I have a Canon 550D and when I look through my view-finder to take photographs, it displays all the current settings inside the view-finder itself like aperture value, shutter speed, ISO etc.

However, it also displays a number on the far right corner. That number is 9. It always is 9 and I don't know what that signifies. Any clue?

One more thing, sometimes that number also has a dot besides it when the camera isn't focused properly on the subject.


The far right side of canon view-finder status bar is the camera's current burst capacity, basically how many shots you can take in a hurry before it blocks and can't take any more. If you put it into high speed shooting (sports mode for example) and watch that value as you click off shots in a hurry you'll see it go down as you fill memory in the camera with shots, then rise back up as you pause and it writes them out to the card. As Shizam mentioned, adjusting your file type can alter that since different formats take more/less memory. Other impacts on it are card speed and image composition. (Some images compress really well, so you'll get more images in memory before the camera stops taking pictures.)

The green dot is Focus Lock. When it's ON the camera thinks it has properly focused your image. When in AI Servo AF mode if it is blinking it means the camera can't achieve focus. Of course it could be total fail and it's focused on the background, but it doesn't know that. You might need to adjust your autofocus points that you're letting it use, or use the good old half-press, focus at center, recompose, shoot pattern. The green dot is particularly useful if, like me, you've turned off the audible tweet announcing to the world that you're focused and about to take shot.


That is how many photos the camera can 'burst'. Changing the output file type (RAW, JPEG, RAW+JPEG) can affect this number. The dot is focus confirmation, it shows when AF has locked onto something.
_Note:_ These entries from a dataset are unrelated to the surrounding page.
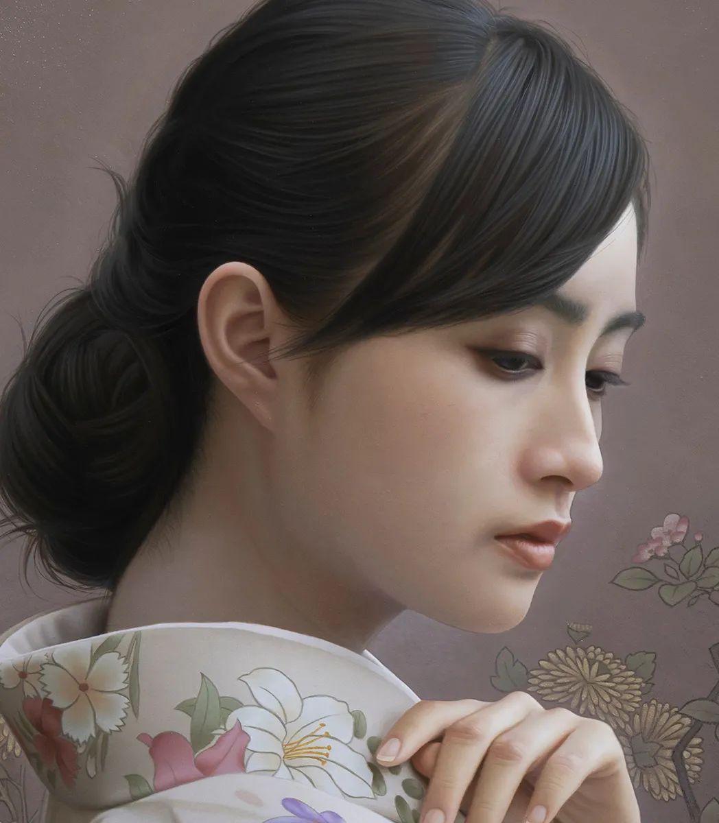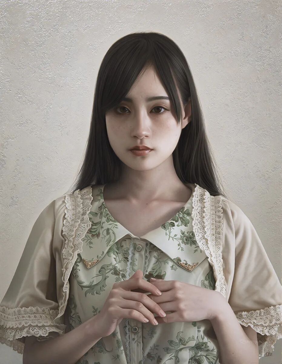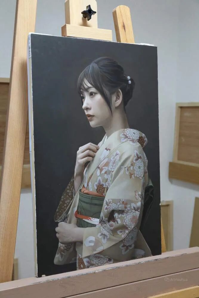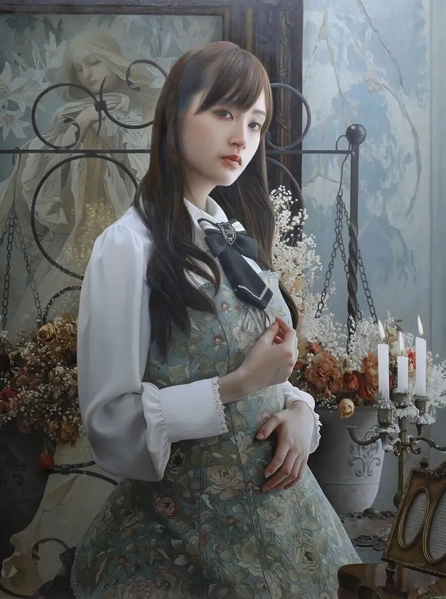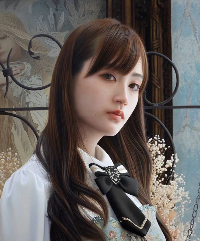 日本80后艺术家冈冈康夫有着极高的写实技巧,在日本的绘画界也是赫赫有名的,为日本超写实绘画第一人,有“日本冷军”之称。冈冈康夫的超写实绘画作品,细腻逼真,以善画少女著称,作品中的少女端庄,优雅高贵。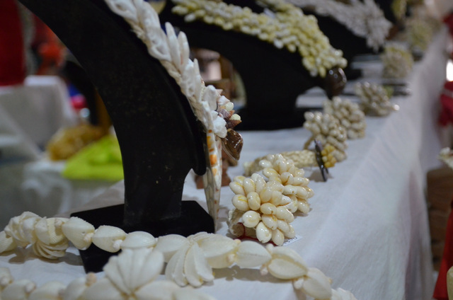 Des parures de colliers de coquillages, des tīfaifai, des robes, du miel, de la vanille… Le salon propose les réalisations d'une trentaine d'exposants venus de toutes parts. Mais les temps sont durs et, alors que l'année dernière la plupart des exposants étaient originaires des îles Sous-le-Vent, cette année, ils sont nombreux à venir d'ailleurs. "Les organisateurs donnent les places en priorité aux gens des Raromatai mais après, quand il reste des places, nous pouvons nous greffer au salon", explique une exposante. Alors que certains ont tout simplement renoncé au salon, d'autres artisans ont préféré envoyer leurs marchandises sans faire le déplacement. Rosina Mou Fat explique ces absences du fait du coût financier :"Il y en a qui ne sont pas venus parce que cela coûte trop cher, mais leurs affaires sont là. Nous nous entraidons entre nous, celles qui sont venues s'occupent des affaires de celles qui sont absentes. Comme ça, il y a des produits d'une quinzaine de personnes qui sont arrivés."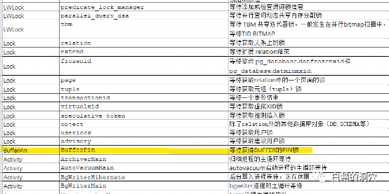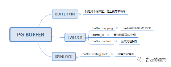 这类等待事件称为BufferPin,而这个等待事件大类里面只有一种等待事件,BufferPIN。这些锁之间都是什么关系呢?我们可以看上面的思维导图。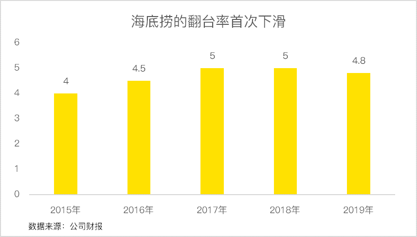 在2019年年報中,海底撈的翻檯率由去年的5.0降到了4.8,這是海底撈公佈的財務數據以來,首次出現下滑。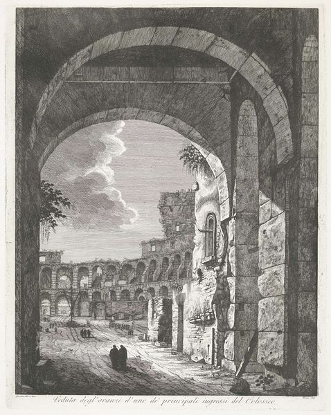Giovanni Battista Piranesi created this etching, "View of the upper storey of the Cages for Wild Animals," using etching. Piranesi lived in 18th-century Italy, a time when the ruins of ancient Rome stood as powerful symbols of both the glories and the declines of empires. His work reflects the era's fascination with classical antiquity, but also its complex relationship with power, decay, and the passage of time. Piranesi wasn't just documenting ruins; he was constructing an emotional experience. Look at the tiny figures against the massive structure, a visual reminder of human insignificance in the face of history. There is a tension between the picturesque beauty of the scene and the disquieting sense of what has been lost. Piranesi uses light and shadow to amplify the drama, drawing us into a space that feels both familiar and alien. Piranesi makes us consider how ruins can serve as a mirror, reflecting our own ambitions, fears, and the ephemeral nature of our achievements.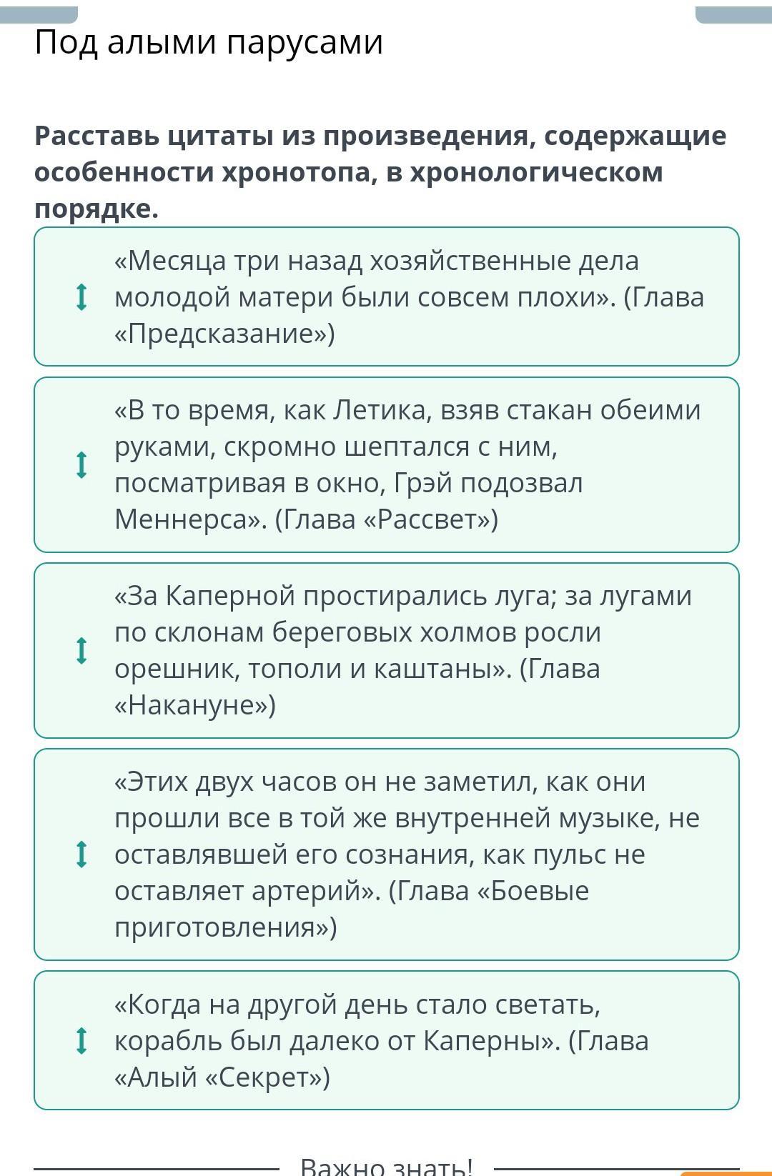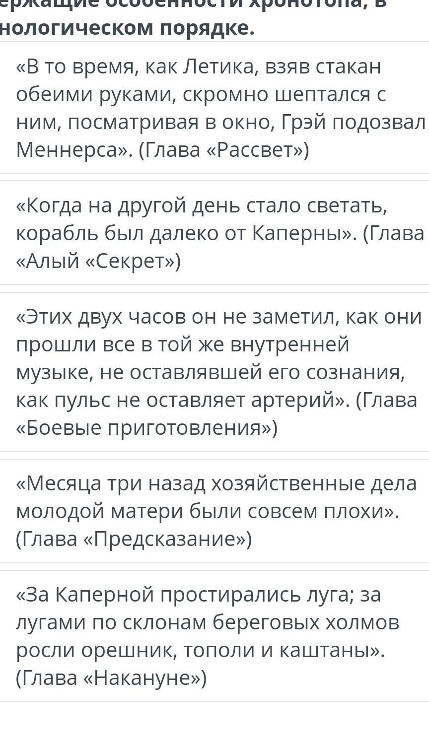 расставте цитаты из произведения, содержащие особенности хронотопа, в хронологическом порядке( Аллые паруса)

See the 'Viewfinder view' here:


  • Is that burst value equivalent to camera's fps ?
    – Rish
    Nov 5 '10 at 20:39
  • Nope, when a camera lists 'FPS' thats how fast it can take pictures 'Frames Per Second'. The burst is how many frames it can take before having to slow down or stop taking pictures.
    – Shizam
    Nov 5 '10 at 20:46
  • 1
    Related: photo.stackexchange.com/questions/4656/…
    – che
    Nov 5 '10 at 22:53
  • 1
    I get it. It's some kind of RAM that a camera has. I'm relating it to computers though, but I guess this pretty much explains the fact.
    – Rish
    Nov 6 '10 at 4:36
  • 1
    @Rish, the word I think you're looking for is "buffer". When the buffer is full, the camera's FPS will drop while it offloads the images to your card.
    – Conor Boyd
    Nov 7 '10 at 20:15

This camera's user manual is available online.

On pp. 19 (overview) and 248 (quick reference) it shows the full viewfinder display with a gloss explaining every part of it. In particular, the number on the lower right is labeled "max. burst". Additional information about this reading is found by searching the manual for "burst"; useful pages include 70, 72 ("...maximum burst will vary depending on the subject, card brand, ISO speed, Custom Functions, and other settings."), 73 (explaining that the max. burst display cannot show values greater than 9), 102 (max. burst is less during WB shooting), 193 (with strong ISO noise reduction, max. burst will "greatly decrease"), p 220 (fine detail increases file size which can reduce max. burst rate).

From this information we can infer that the burst rate bottleneck is due both to on-camera processing speed (depending on noise reduction and file size) and transfer rates to the card.

Similarly, referring to your owner's manual will explain the focus lock settings.

You can get a lot out of your camera by reading through this manual and referring to it often.